Supplied data Start Marker
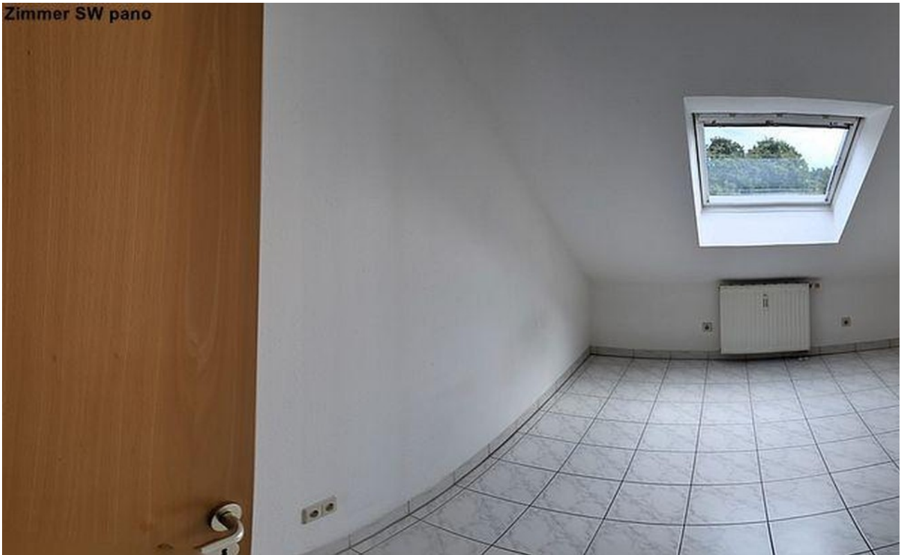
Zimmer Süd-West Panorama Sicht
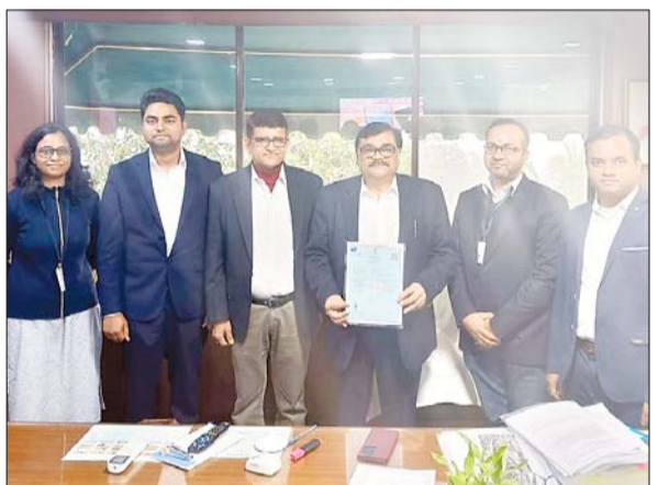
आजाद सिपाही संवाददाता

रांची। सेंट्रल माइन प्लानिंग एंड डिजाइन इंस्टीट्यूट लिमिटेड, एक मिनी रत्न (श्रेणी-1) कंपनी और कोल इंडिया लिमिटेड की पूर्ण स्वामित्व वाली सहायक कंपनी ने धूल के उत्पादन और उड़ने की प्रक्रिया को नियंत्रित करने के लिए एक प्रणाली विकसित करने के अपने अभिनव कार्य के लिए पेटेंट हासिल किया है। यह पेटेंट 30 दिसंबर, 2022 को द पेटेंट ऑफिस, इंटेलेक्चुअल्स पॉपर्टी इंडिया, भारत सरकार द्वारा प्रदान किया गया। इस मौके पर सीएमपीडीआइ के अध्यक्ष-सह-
Supplied data End Marker
> [About this task]
The listing above should be repeated word for word, pictures removed.

> [Answer for the task]
Zimmer Süd-West Panorama Sicht
आजाद सिपाही संवाददाता

रांची। सेंट्रल माइन प्लानिंग एंड डिजाइन इंस्टीट्यूट लिमिटेड, एक मिनी रत्न (श्रेणी-1) कंपनी और कोल इंडिया लिमिटेड की पूर्ण स्वामित्व वाली सहायक कंपनी ने धूल के उत्पादन और उड़ने की प्रक्रिया को नियंत्रित करने के लिए एक प्रणाली विकसित करने के अपने अभिनव कार्य के लिए पेटेंट हासिल किया है। यह पेटेंट 30 दिसंबर, 2022 को द पेटेंट ऑफिस, इंटेलेक्चुअल्स पॉपर्टी इंडिया, भारत सरकार द्वारा प्रदान किया गया। इस मौके पर सीएमपीडीआइ के अध्यक्ष-सह-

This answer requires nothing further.